In case your work is just too far forward of the demand from customers, then in the long run that isn’t a sustainable technique.
“…being in the UK, which is not doing that well from a regulatory point of view, played into it. If I was living in Dubai, maybe that would have been a different conversation. You know, back when we made that decision…things weren’t great in the US. I think things have improved there. But also, I think…Bitcoin is in a good place financially. I think it’s clearly being used as a product. But I think the L2s in the space just don’t have much user adoption.”
When requested why he thought folks weren’t utilizing Layer 2s at scale, he had this to say: “…in my adventures of working on CivKit (a decentralized marketplace), one of the questions that was always posed to me is, when Tether, when stablecoins? So when you’re working on a project that’s trying to promote Bitcoin in the global south, but everyone you meet in the global south wants stablecoins, you start to wonder, well, am I building the right tool? Do people even want to use this?”
On the finish of the day, essentially the most helpful and sound engineering work nonetheless must be adopted and used, in any other case what’s the worth of it within the first place?

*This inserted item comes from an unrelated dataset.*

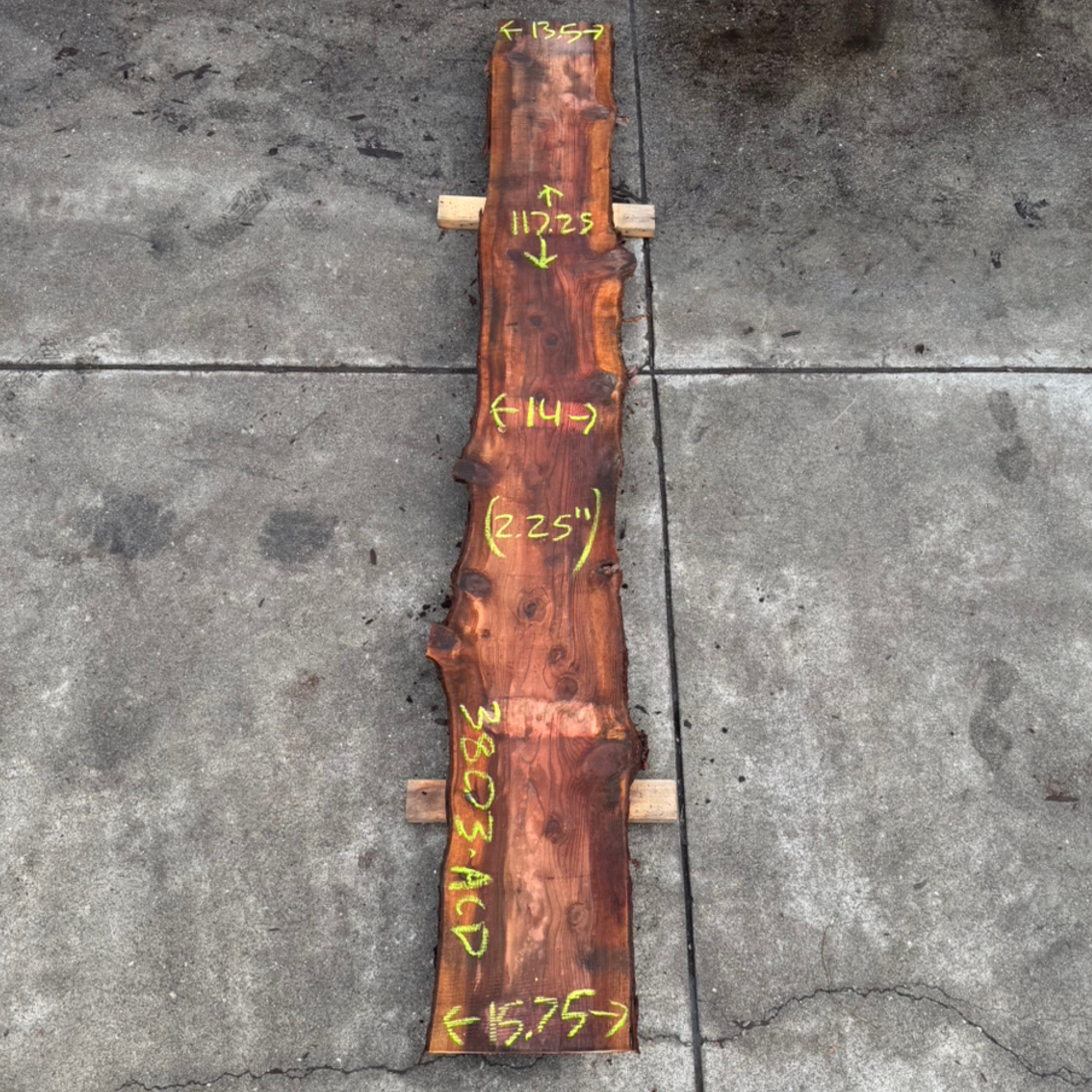 Giant Sequoia slab from Peroba Reclaimed measuring 2.25" thick x 13.5"-14"-15.75" wide x 117.25" long

“…there has been a shift in the last four years for it to be a store of wealth. And I do think that’s a risk because I think if people were using Bitcoin right now and the mempool was expensive, was jammed up and fees were high, there’s enough bright people to build good L2s. But they’re not being built because there’s no demand. And, you know, no one wants to build software, whether that’s open source or commercially, when it’s just a bunch of hobbyists using it. And I think that’s one of the challenges of Bitcoin right now. We have a lack of users and maybe down the line that’s a problem.”
“I think there’s a lot of smart people in Bitcoin that can build interesting stuff, but I think the focus now has to be users.”